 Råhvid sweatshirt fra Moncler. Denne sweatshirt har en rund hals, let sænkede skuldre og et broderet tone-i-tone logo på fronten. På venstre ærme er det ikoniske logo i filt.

--

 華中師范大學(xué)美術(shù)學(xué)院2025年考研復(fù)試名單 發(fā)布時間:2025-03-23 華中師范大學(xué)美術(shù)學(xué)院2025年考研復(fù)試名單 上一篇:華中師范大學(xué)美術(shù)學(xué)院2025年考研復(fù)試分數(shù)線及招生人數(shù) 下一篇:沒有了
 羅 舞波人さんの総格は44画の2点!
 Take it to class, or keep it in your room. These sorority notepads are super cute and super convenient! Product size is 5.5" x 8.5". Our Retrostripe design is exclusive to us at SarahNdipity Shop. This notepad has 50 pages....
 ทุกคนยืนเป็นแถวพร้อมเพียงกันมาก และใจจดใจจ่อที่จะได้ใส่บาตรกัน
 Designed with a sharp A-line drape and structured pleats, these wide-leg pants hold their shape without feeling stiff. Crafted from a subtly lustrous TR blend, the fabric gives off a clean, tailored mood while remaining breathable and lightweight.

**Exercise details:**
The reply should consist solely of the lines above from the one that has "羅 舞波人さんの総格は44画の2点!" through the one that has "Take it to class, or", reproduced exactly.

**Expected output:**
 羅 舞波人さんの総格は44画の2点!
 Take it to class, or keep it in your room. These sorority notepads are super cute and super convenient! Product size is 5.5" x 8.5". Our Retrostripe design is exclusive to us at SarahNdipity Shop. This notepad has 50 pages....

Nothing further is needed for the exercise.